What do the current universe models predict would be allowable time for the first blackhole after the bing bang ? Here’s a 13 billion year old black holes, but does physics permit even older black holes ?

Also, if I plot the cumulative blackholes formed since big bang, versus time from big bang, will I get a straight line with a constant slope, a decay curve or a growth curve or some other curve ?

Thanks

I have no answer for you, but I gotta say that “… the bing bang …” is a great typo. In a few million years we’ll experience the walla walla ding dong. Glad I won’t live to see it; it’ll be pretty high energy.

I think that current theories allow for some black holes to form during the big bang Primordial black hole - Wikipedia

Right, although I believe that’s purely speculative and primordial black holes haven’t actually been detected.

The OP article seems a bit inconclusive about whether it’s talking about black holes that resulted from the collapse of stars or black holes that formed in some other way, concurrently with the evolution of galaxies – and there are several theories for the formation of supermassive black holes in galaxy centers that aren’t related to stellar collapse. But it probably wouldn’t make much difference in terms of the age of the earliest possible black holes other than primordial ones, since the 700-800 million years after the Big Bang that the article talks about is in line with the age of first-generation stars that formed around that time, about 800 million years after the Big Bang.

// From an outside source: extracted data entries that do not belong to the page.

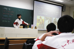 據(jù)了解,人大附中高中部開設的“主題電影欣賞”選修課,從組織到授課,都是由5名高中生全程承擔。這些熱愛電影、能力突出的高中生從暑假起便精心制訂教學計劃、寫教案、剪輯影片、做PPT。五名高中生的創(chuàng)舉贏得了選課同學的好奇和贊許。圖為一名學生在用幻燈講授電影欣賞知識。記者 羅德宏 實習生 王靜怡/文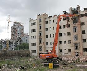 Расчистка площадки под строительство третьей очереди торгово развлекательного центра "Гринвич" в центре Екатеринбурга. Снос пятиэтажного жилого дома.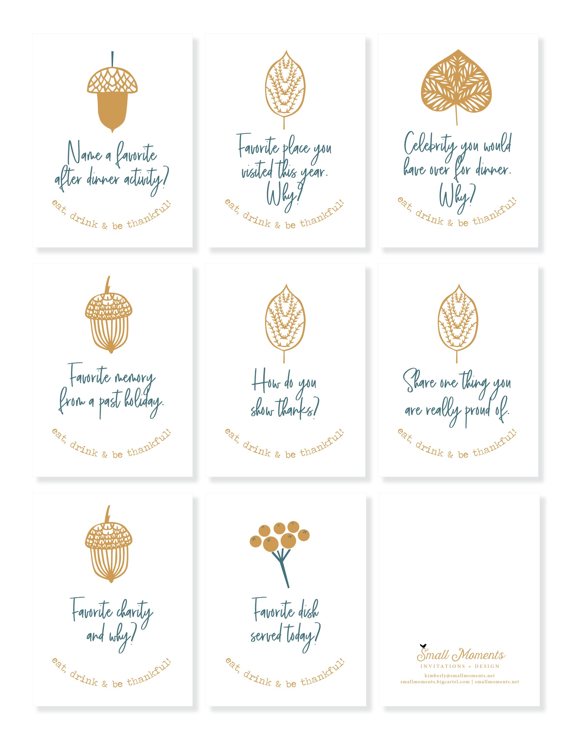 Looking for a fun and thoughtful way to learn about your friends and family at the holidays? These conversation cards are sure to help. Prompt your guests to share their favorite holiday memory, tradition, food and what they're thankful for. I’ll ship three letter size sheets and you can cut out the individual cards.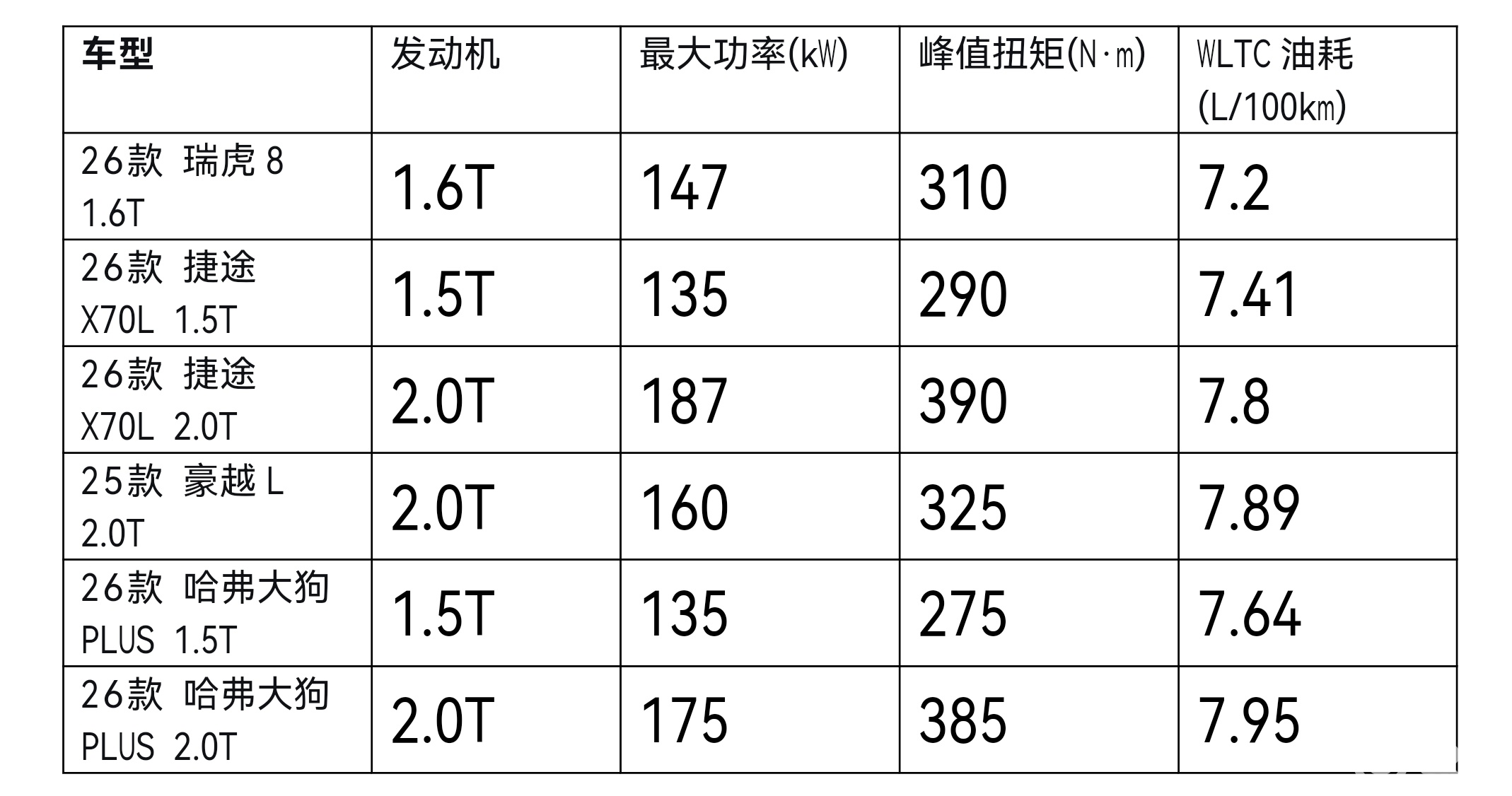 在10–15万元级中型SUV市场中,瑞虎8还面临来自内部与外部的双重竞争压力。同属奇瑞集团的捷途X70L在价格相近的情况下提供了2.0T动力与七座布局;外部的吉利豪越L凭借空间与品牌认知度占据市场,哈弗大狗PLUS则以鲜明的越野风格吸引特定消费群体。相比之下,瑞虎8在品牌标签与车型个性方面并不突出。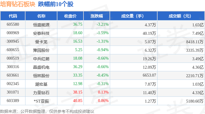 证券之星消息,12月9日培育钻石板块较上一交易日上涨0.04%,沃尔德领涨。当日上证指数报收于3909.52,下跌0.37%。深证成指报收于13277.36,下跌0.39%。培育钻石板块个股涨跌见下表: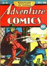 Adventure Comics #40 depicting the first superhero cover of the series featuring Sandman (Wesley Dodds) in the cover. Art by Creig Flessel.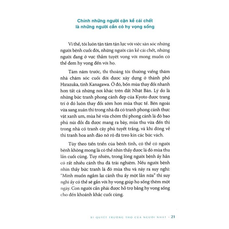 Vậy theo bạn thì thế nào là trường thọ? Nhiều người sẽ trả lời đó là những con số, như sống đến 100 tuổi chính là trường thọ. Thực ra chúng ta vốn luôn chạy theo những tiêu chuẩn mà không nhận ra “tiêu chuẩn không mang tính tuyệt đối”. Bằng những tiến bộ về y học như hiện nay thì tuổi thọ con người ngày càng được kéo dài. Cố bác sĩ Shigeaki Hinohara – huyền thoại y học Nhật Bản, đã viết: “Tôi cho rằng lấy ranh giới tuổi 70 để định nghĩa về người cao tuổi như hiện nay sẽ trở thành 75 tuổi vào thời điểm 20 năm sau”.

These were likely very massive and burned so fiercely that they only lasted a few million years before going supernova with the remnants collapsing to form the first black holes. Hence one of the oldest objects observed in our galaxy, HE 1523-0901 at an estimated 13.2 billion years old, is believed to actually be a second generation star.

Some cyclical cosmologies have black holes possibly surviving from a pre-big bang state, meaning they existed before the big bang. Of course this must be regarded as very speculative.

The usual model of primordial black holes has them forming during the first few thousand years of the Universe, but other models of formation have them forming within the first nanosecond of the Universe. However the evidence for primordial black holes is currently flimsy to non-existent.

There is however ample evidence for black holes formed by stellar collapse. The first stars would’ve formed several hundred million years after the big bang (a study earlier this year put the earliest formation at a bit more than 0.5 billion years). The first stars would’ve been very massive; exactly how massive though is a matter of dispute, but massive enough so that there lifetime would be measured in the lower tens of millions of years and massive enough to form black holes. So it would be fair to say that the first black holes were formed before the Universe was 600 million years old.

It’s even plausible (though now generally disfavored, with current evidence) that the entire Universe is one big black hole. If that be the case, then the Big Bang is the formation of a black hole.